What you should do: Reproduce the entries beneath exactly, without their images.

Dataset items
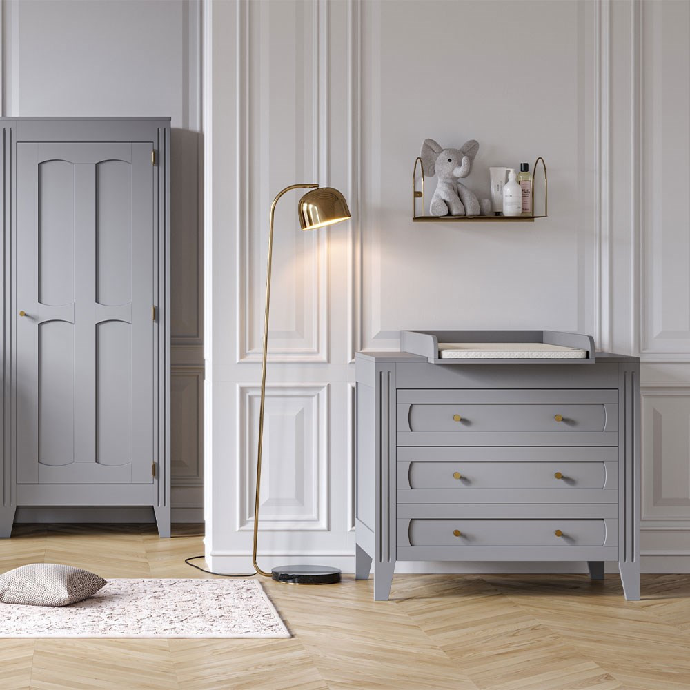 A VOX Milenne időtlen és vintage ihletésű dizájnnal rendelkezik, hogy megfeleljen a modern és hagyományos elvárásoknak egyaránt. A faragott részletek, az aranyfém fogantyúk egyszerűek és mégis visszafogottak. A pelenkázó toldalék felszerelésével a komód lehetővé teszi a baba biztonságos és kényelmes gondozását, ugyanakkor helyet biztosít a kozmetikumok és pelenkák tárolására is. Az a nagyszerű ebben a darabban, amikor a pelenkázó egységre már nincs szükség, eltávolítható, és gyönyörű komóddá varázsolható, amely együtt nőhet a kicsivel. Lágyan záródó fiókok a biztonság érdekében.
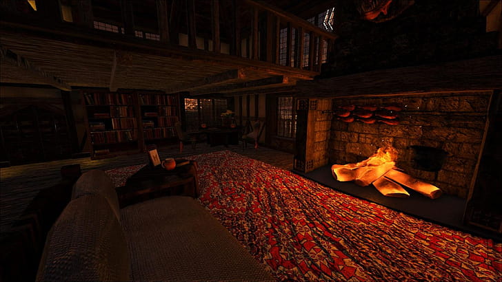 Cozy Mountain Cabin Fireplace, Cozy, Warm and Cozy, fireplace, night, living room, HD wallpaper -
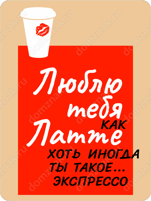 Табличка «Люблю тебя как латте хоть иногда ты такое экспрессо»
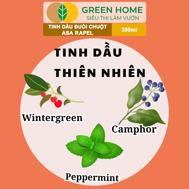 ✨Tinh Dầu Xua Đuổi Chuột Greenhome, ASA Rapel, Chai 350ml, Thảo Mộc, An Toàn Cho Người Và Vật Nuôi
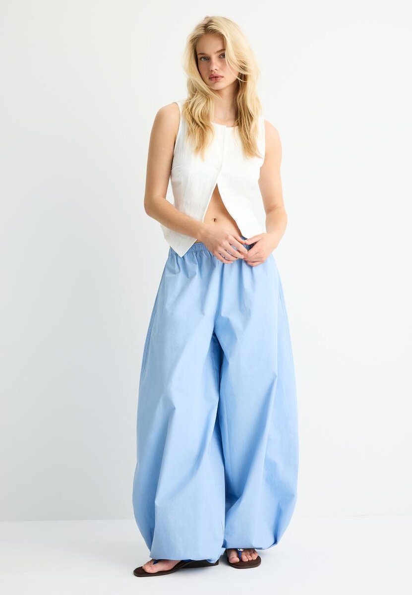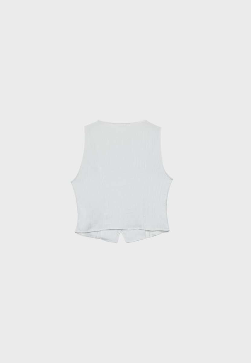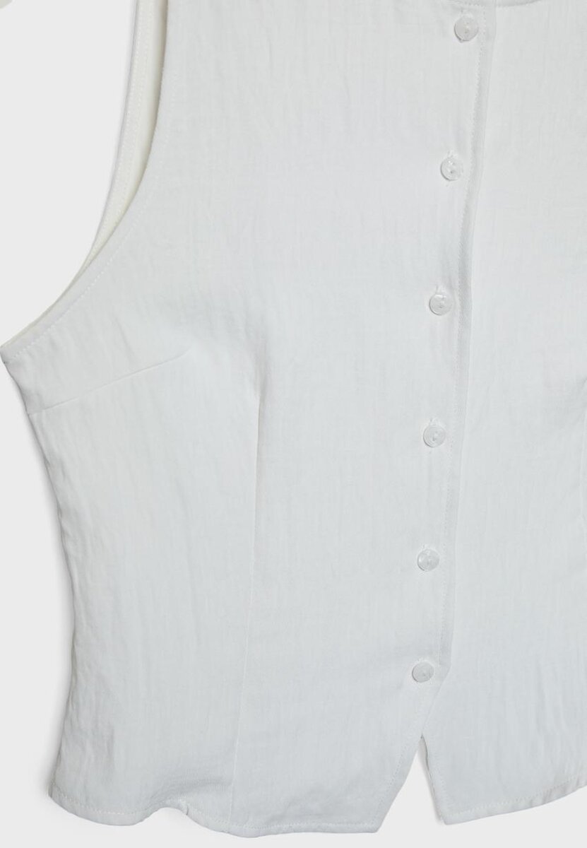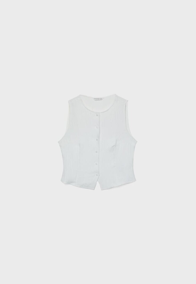Ermeløs topp laget av en viskoseblanding. Rund hals. Spalte foran i nederkant. Stoffdetaljer med krøllet tekstur. Lukking foran med matchende knapper. Tilgjengelig i flere farger.
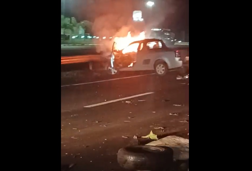 De acordo com a Polícia Rodoviária Federal (PRF), a ocorrência começou com uma batida traseira, seguida de colisão contra a defensa metálica da rodovia e posterior incêndio em uma GM Montana, emplacada em Estrela. O condutor, de 32 anos, conseguiu sair do veículo antes que as chamas se espalhassem. O Corpo de Bombeiros Militar foi acionado para conter o fogo.

Exercise answer:
 A VOX Milenne időtlen és vintage ihletésű dizájnnal rendelkezik, hogy megfeleljen a modern és hagyományos elvárásoknak egyaránt. A faragott részletek, az aranyfém fogantyúk egyszerűek és mégis visszafogottak. A pelenkázó toldalék felszerelésével a komód lehetővé teszi a baba biztonságos és kényelmes gondozását, ugyanakkor helyet biztosít a kozmetikumok és pelenkák tárolására is. Az a nagyszerű ebben a darabban, amikor a pelenkázó egységre már nincs szükség, eltávolítható, és gyönyörű komóddá varázsolható, amely együtt nőhet a kicsivel. Lágyan záródó fiókok a biztonság érdekében.
 Cozy Mountain Cabin Fireplace, Cozy, Warm and Cozy, fireplace, night, living room, HD wallpaper -
 Табличка «Люблю тебя как латте хоть иногда ты такое экспрессо»
 ✨Tinh Dầu Xua Đuổi Chuột Greenhome, ASA Rapel, Chai 350ml, Thảo Mộc, An Toàn Cho Người Và Vật Nuôi
Ermeløs topp laget av en viskoseblanding. Rund hals. Spalte foran i nederkant. Stoffdetaljer med krøllet tekstur. Lukking foran med matchende knapper. Tilgjengelig i flere farger.
 De acordo com a Polícia Rodoviária Federal (PRF), a ocorrência começou com uma batida traseira, seguida de colisão contra a defensa metálica da rodovia e posterior incêndio em uma GM Montana, emplacada em Estrela. O condutor, de 32 anos, conseguiu sair do veículo antes que as chamas se espalhassem. O Corpo de Bombeiros Militar foi acionado para conter o fogo.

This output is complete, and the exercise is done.